Plant Material and Growth Conditions

Arabidopsis thaliana plants were grown in a mixture of vermiculite, perlite, and peat moss at a 1:1:1 ratio in an environmentally-controlled chamber with a long photoperiod (16 hr light and 8 hr dark) at 22°C. The transgenic lines and plasmids were obtained from the Arabidopsis Biological Resource Center (ABRC, Columbus, OH), and had been deposited by Dr. B.K. Nelson [8].

Protoplast Isolation

Leaves (width: 2 cm, length: 5 cm in optimal light condition; width: 0.5 cm; length: 2.5 cm in low light conditions) were collected from 3 to 5-week-old plants grown under optimal light (ca. 150 μE·m-2·s-1) or low light (ca. 50·μE m-2·s-1) conditions. Arabidopsis protoplasts were isolated in two ways. First, to recreate the current technique, protoplasts were made according to the procedure of Yoo et al. [4]. Second, in a new technique, selected leaves were used in a 'Tape-Arabidopsis Sandwich' experiment. The upper epidermal surface was stabilized by affixing a strip of Time tape (Time Med, Burr Ridge, IL) while the lower epidermal surface was affixed to a strip of Magic tape (3 M, St. Paul, MN). The Magic tape was then carefully pulled away from the Time tape, peeling away the lower epidermal surface cell layer. The peeled leaves (7 to 10 optimal-light-growth leaves, about 1-2 g, up to 5 g), still adhering to the Time tape, were transferred to a Petri dish containing 10 mL of enzyme solution [1% cellulase 'Onozuka' R10 (Yakult, Tokyo, Japan), 0.25% macerozyme 'Onozuka' R10 (Yakult), 0.4 M mannitol, 10 mM CaCl2, 20 mM KCl, 0.1% BSA and 20 mM MES, pH 5.7]. The leaves were gently shaken (40 rpm on a platform shaker) in light for 20 to 60 min until the protoplasts were released into the solution. The protoplasts were centrifuged at 100 × g for 3 min in an Eppendorff A-4-44 rotor (Hamburg, Germany), washed twice with 25 mL of pre-chilled modified W5 solution (154 mM NaCl, 125 mM CaCl2, 5 mM KCl, 5 mM glucose, and 2 mM MES, pH 5.7) and incubated on ice for 30 min. During the incubation period, protoplasts were counted using a hemocytometer under a light microscope. The protoplasts were then centrifuged and resuspended in modified MMg solution (0.4 M mannitol, 15 mM MgCl2, and 4 mM MES, pH 5.7) to a final concentration of 2 to 5 × 105 cells/mL.

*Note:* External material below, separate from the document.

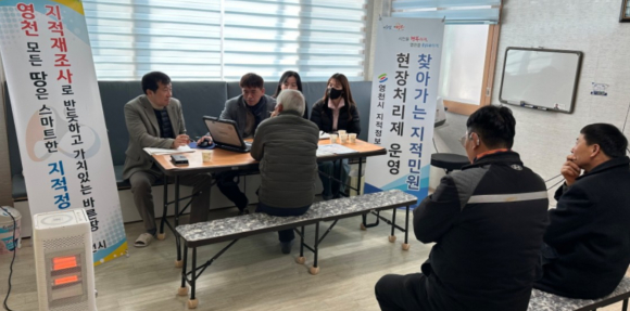 ‘찾아가는 지적민원 현장처리제’는 지적정보과를 중심으로 세정과, 종합민원과와 한국국토정보공사 영천지사가 함께 참여해 주민 생활 및 재산권과 밀접한 각종 지적·생활 민원을 마을 현장에서 접수·처리하는 현장 밀착형 행정서비스다.

Protoplast Transfection Assays

Protoplasts were transfected by a modified TEAMP method [4]. Approximately 5 × 104 protoplasts (2 × 104 to 1 × 105) in 0.2 mL of MMg solution were mixed with approximately 30 (20 to 40) μg of plasmid DNA at room temperature. An equal volume of a freshly-prepared solution of 40% (w/v) PEG (MW 4000; Fluka) with 0.1 M CaCl2 and 0.2 M mannitol was added, and the mixture was incubated at room temperature for 5 min. After incubation, 3 mL of W5 solution was added slowly, the solution was mixed, and protoplasts were pelleted by centrifugation at 100 × g for 1 min (Eppendorff A-4-44 rotor). This protoplast W5 wash step was repeated twice. The protoplasts were resuspended gently in 1 mL of W5 and were incubated in 6-well plates coated with 1% BSA at room temperature for 16 hr in light.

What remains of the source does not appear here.